Steve Martin Wrote A Kids Banjo Album

On Saturday, Steve Martin stopped saying "hamburger" in a Pepe Le Pew accent for a solid 90 minutes and hosted Saturday Night Live.  It was a landmark occasion: the fifteenth episode of SNL hosted by Steve Martin, and also a very special 100% laugh-free episode.

Even in the most interminable of SNL episodes, there's usually at least one sketch or Weekend Update joke that does what the show as a whole is supposed to do: Be funny. This weekend's show, however, had absolutely nothing except the tinny echo of uncomfortable silence. Watching it was like sinking in quicksand that couldn't even be bothered to smother you in a timely fashion. A MacGruber sketch that turned out to be a Pepsi commercial and an ancient, go-to Angelina Jolie joke were the only things that even tried to graze the funny bar, before falling to the ground and flopping like dying fish along with the rest of the show.

Then Steve Martin played a song from his new banjo album that no one could stop him from playing because he's Steve Martin.

The natural progression of thought when confronted with something like "Late for School" is:

1. "What the hell is this?"

2. "Is this a joke?"

3. "This is not a joke. Maybe Steve Martin wrote a kids album of banjo songs?"

4. "But why didn't he say it was a kids album?"

Well, as it turns out, it's not a kids album. It's an album for SNL stagehands who don't want to lose their jobs. From the NY Times:

On the main stage of NBC’s Studio 8H in Manhattan, wielding a Gibson Florentine from the 1920s and accompanied by a quintet of bluegrass musicians, Mr. Martin was plucking, strumming and, yes, singing his way through an original song called “Late for School,” about a young delinquent racing to beat the tardy bell. The hoedown brought the room to a halt, and when it was over even the surliest stagehands couldn’t help but stand and applaud.

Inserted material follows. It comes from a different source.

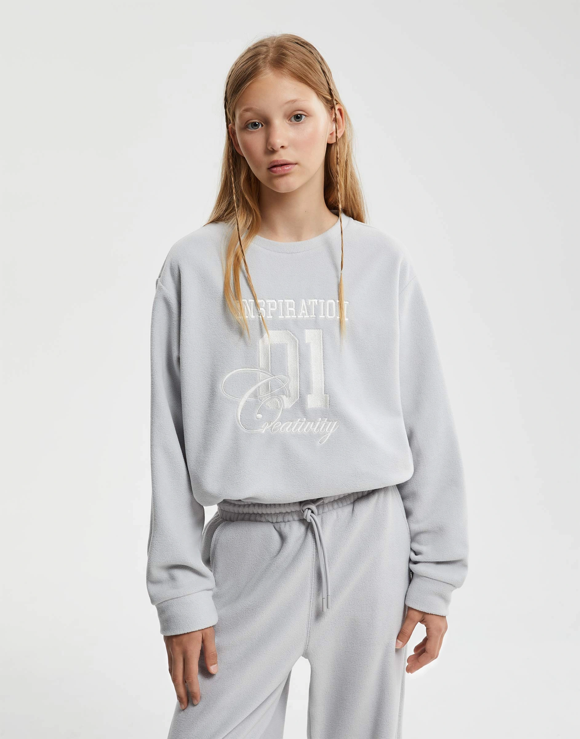 Светло-серый свитшот oversize с вышивкой Gac025154-2

I believe that hearing Steve Martin shout-sing lines like, "I'll be in the English grammar slammer" or "Waved to Sal, he's Filipino" brought the whole room to a halt, but I doubt anyone was applauding out of genuine enjoyment. I'm sure that as the song winded down, the surly stagehands were left, shocked and slackjawed, watching the stage, and so rather than risk making things more awkward, they slowly, carefully, and with absolutely no feeling except worry, began to clap.